Psychic Temple - IV - Albums - Reviews - Soundblab

Psychic Temple - IV

by Ljubinko Zivkovic Rating:9 Release Date:2017-07-14

Anybody who is at least a bit familiar with the work of California musician/songwriter/producer/musical guru Chris Schlarb knows that whenever his new project is announced that it will probably not sound a bit like the previous one, or that it will have some kind of a musical twist on what he has done before. From pure pop, like on the last year’s III to the interpretation of Eno’s Music For Airports as seen through the eyes (and ears) of the Miles Davis band circa In A Silent Way.

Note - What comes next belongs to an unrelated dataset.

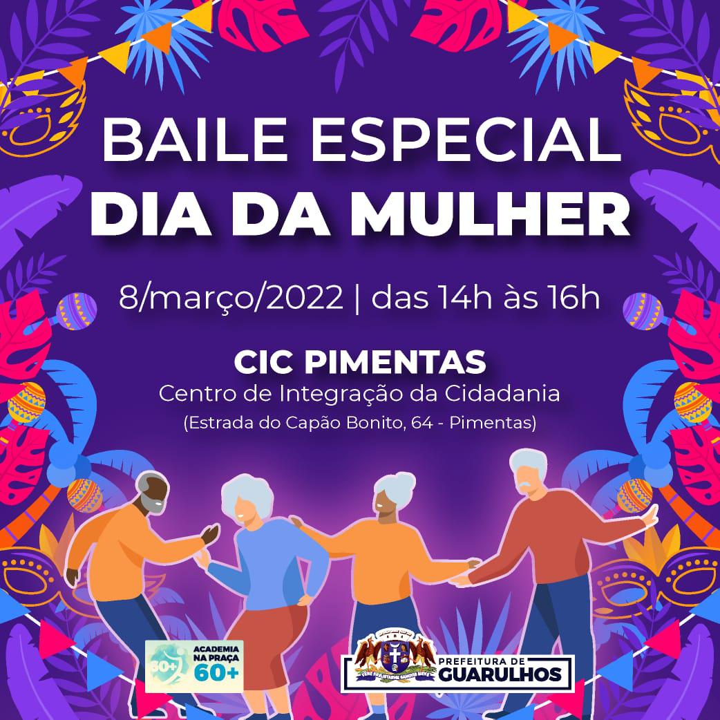 A Prefeitura de Guarulhos promoverá na terça-feira (8) o Baile 60+ Especial Dia da Mulher, das 14h às 16h, no Centro de Integração da Cidadania (CIC) Pimentas. Voltado ao público da melhor idade, o evento celebrará o Dia Internacional da Mulher, instituído pela Organização das Nações Unidas (ONU) em 1975.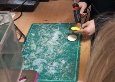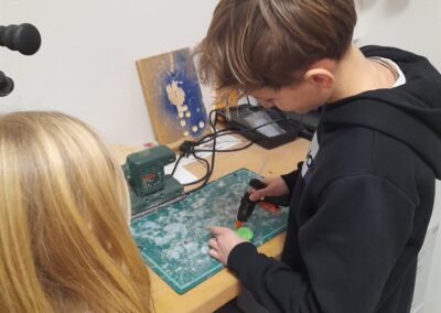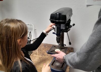 Bei der Besichtigung der Werkräume konnten die SchülerInnen kurzerhand auch das eine oder andere Werkzeug bedienen und einen Schlüsselanhänger bauen. Für Eindruck sorgte ebenfalls die hervorragend ausgestattete Schulküche. Dort durften alle BesucherInnen bei einer leckeren, selbstgemachten Jause zugreifen.

There is always one constant though. Schlarb, akin to a somewhat similar soul in the New York producer/conductor Kip Hanrahan (although Hanrahan has a bit more jazz slant that Schlarb) usually brings in a host of known or unknown musicians/singers, but those that fit their projects perfectly. So far, Schlarb, had people like Nels Cline, Mike Watt, Muscle Shoals session men and others hosting.

No exception with IV. The list of guests is as long as anybody’s arm and includes the names like the previous generation bass player Max Bennett who played on Joni Mitchell’s Court and Spark and Hissing of the Summer Lawns and Mike Rossi of the Philip Glass Ensemble.

One name stands out though. It's that of the legendary British singer/guitarist Terry Reid, who is particularly fitting to this project. You see, Schlarb has decided this time around to recreate the vibe of the California sound as was done on Reid’s 1973 masterpiece River. No replaying of then recorded songs, no regurgitation of the same sound, just the vibe and the feeling. And it works a charm.

There’s a natural flow to the music, where songs have additional interludes which only enhance the main themes. For example, on If I Don’t Leave They’ll take me Away, which has dual vocals by Schlarb and Reid, you simply feel a natural progression to the interlude of the song with, again, Schlarb and Reid on acoustic guitars, along with other musicians.

On IV Schlarb recalls the sounds of all great Californian music, if only as a snippet, like an organ coda in The Art of Giving Up, that could have come straight from the Beach Boys Pet Sounds or Smile sessions.

But then, the key is in the overall vibe, you can simply not point out a song that rises above (the extremely high) standard of the others, or one that by even an inch falls below others. Actually, that seems to be the characteristic of all Schlarb projects - he seems to be the guy who quietly exudes excellent music.